Jordanians also echo the same anger over the U.S. policies in the region, most of whom believed they are biased to the Jewish state at the expense of Palestinians’ long-standing dreams of creating an independent state and return of their relative refugees to homeland.

“The Arab Islamic Jordan should not play host to a meeting of those two murderers, and the government should pay respect to the desire of people here for not normalizing relations with Israel,” said Hamza Mansourm, the secretary general of the Islamic Action Front (IAF).

“We will show our objection to such a gathering through varied means, including peaceful protests,” Mansour told IOL.

He dubbed the Aqaba summit “a slap on the face of every good Jordanian citizen.”

"The Islamic Action Front party, which knows perfectly well the real US and Zionist aims, rejects and condemns these two summits which should not have been convened on Arab land as Iraqi and Palestinian blood continues to flow at the hands of killers and occupiers led by Bush and Sharon," the IAF said in a statement.

It accused Bush of being "the killer of our brothers in Iraq, and the occupier of Baghdad" and said Sharon "killed our brothers in Palestine and Lebanon, occupies Jerusalem, all of Palestine, the (Syrian) Golan as well as Lebanese land".

"These two killers are meeting on Jordanian soil in a new American-Zionist bid to eliminate the Palestinian cause through what is known as the roadmap," it said.

Jordan received thousands of Palestinian refugees expelled by Israel as of 1948 Middle East war in which the Jewish state seized control of large swathes of Palestinian territories.

The Aqaba summit is expected to see the declaration of exchanging ambassadors between Jordan and Israel, as the Israeli ambassador left Amman several months ago due to security reasons, especially after the Iraq invasion on March 20. Jordan also did not send back its ambassador to Israel since the Palestinian Intifada.

People here are also slam their country’s growing economic relations with Israel.
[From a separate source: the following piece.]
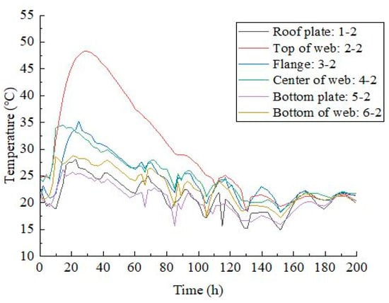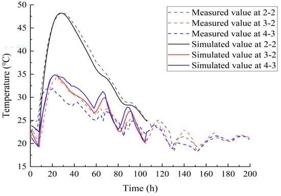 - The monitored maximum temperature shows a positive correlation with the cross-sectional dimensions of the structural member, where the larger the size, the higher the temperature. Meanwhile, the time taken for the concrete temperature to reach the maximum value is essentially proportional to the distance between the measurement point and the member’s surface. The smaller the distance, the shorter the time to reach the peak temperature.

An Israeli National Infrastructure Ministry source said earlier in April that Jordan contacted Sharon’s office for setting up a possible oil pipeline from Iraq to Israel via Jordan that was closed 55 years ago.

But Jordanians did not expect too much to come up from the Aqaba summit, citing similar meetings that were only ended with “mere promises,” said Taher el-Edwan, editor-in-chief of the Arab Today newspaper.

“It is a public relations get-together, especially between Jordan and Israel,” argued el-Edwan.

Many analysts here are as convinced that the U.S. insistence to convene the summit in Jordan came as “a reward for the country’s support for the invasion on neighboring Iraq,”

Jordan expelled late in March three Iraqi diplomats on charges of harming state security after Washington called on world countries to oust Iraq’s diplomats and close its embassies. But King Abdullah II said his country stood against what he called the invasion of Iraq.

“The summit could also pave the way for a rather pivotal role for Amman as to the Middle East peace process,” some analysts, who refused to give their names, said.

Bush is meet six Arab leaders in Sharm El-Sheikh on Tuesday, to be attended by King Abdullah, then leaves for Jordan’s Aqaba to meet with Sharon and Abbas on Wednesday.